Hiromi Sekizawa, Kazuma Amaike, Yukihiro Itoh, Takayoshi Suzuki, Kenichiro Itami, and Junichiro Yamaguchi
ACS. Med. Chem. Lett. 2014, just accepted. DOI: 10.1021/ml500024s
Power of C–H coupling technology for medicinal chemistry
We previously reported the discovery of NCH-31, a potent histone deacetylase (HDAC) inhibitor.

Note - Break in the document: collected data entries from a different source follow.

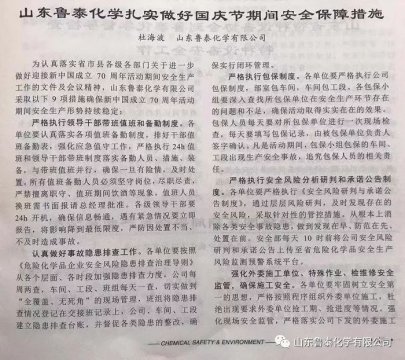 近日,国家级媒体《化工安全与环境》刊发了鲁泰化学杜海波撰写的《山东鲁泰化学扎实做好国庆节期间安全保障措施》专题报道。 此篇文章深刻阐述了鲁泰化学采取的严格执行领导干 ...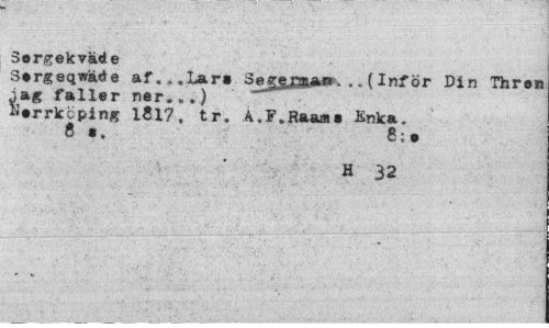 //// Sergekväde //// Ssrgeqwäde af.^.Lar» Sejyyayw*. .. (Inf ör Din Threu jag faller ner...) //// Nerrkcping 1817, tr. A.F.Rasua» Enka. 8 «. 8; • //// H 32 ////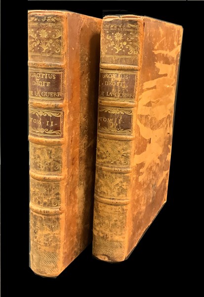 GROZIO, Ugo. Le droit de la guerre et de la paix. Nouvelle Traduction par Jean Barbeyrac. Basilea: Emanuel Thourneisen, 1746. 2 volumi, 8vo. Ritratto in antiporta, frontespizi in rosso e nero (alcune bruniture). Pelle coeva, dorsi dorati e tagli rossi (difetti). Non collazionato e difetti da esaminare.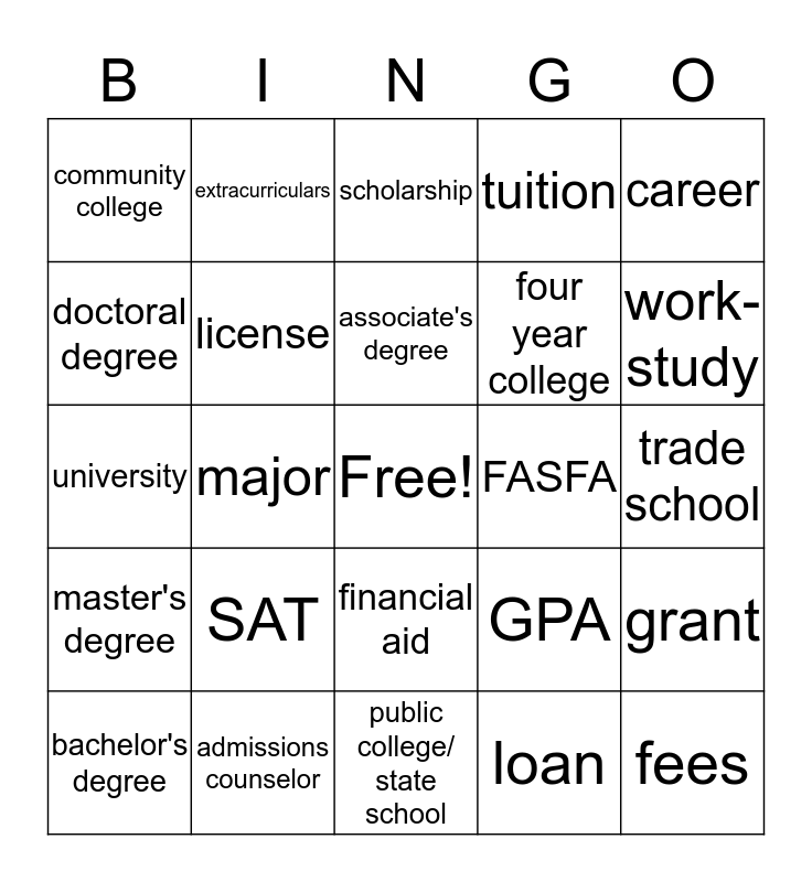This bingo card has a free space and 24 words: SAT, admissions counselor, associate's degree, bachelor's degree, career, community college, doctoral degree, extracurriculars, FASFA, financial aid, four year college, university, GPA, grant, license, loan, trade school, scholarship, work-study, major, fees, master's degree, tuition and public college/ state school.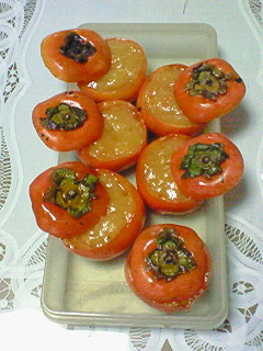 ゼラチンを加え、くり抜いた柿の容器に戻しまして・・・

By utilizing our C–H coupling reaction, we rapidly synthesized 16 analogues (IYS-1 through IYS-15 and IYS-Me) of NCH-31 with different aryl groups at the C4-position of 2-aminothiazole core of NCH-31. Subsequent biological testing of these derivatives revealed that 3-fluorophenyl (IYS-10) and 4-fluorophenyl (IYS-15) derivatives act as potent pan HDAC inhibitor. Additionally, 4-methylphenyl (IYS-1) and 3-fluoro-4-methylphenyl (IYS-14) derivatives acted as HDAC6-insensitive inhibitors. The present work clearly shows the power of the late-stage C–H coupling approach to rapidly identify novel and highly active/selective bio-functional molecules.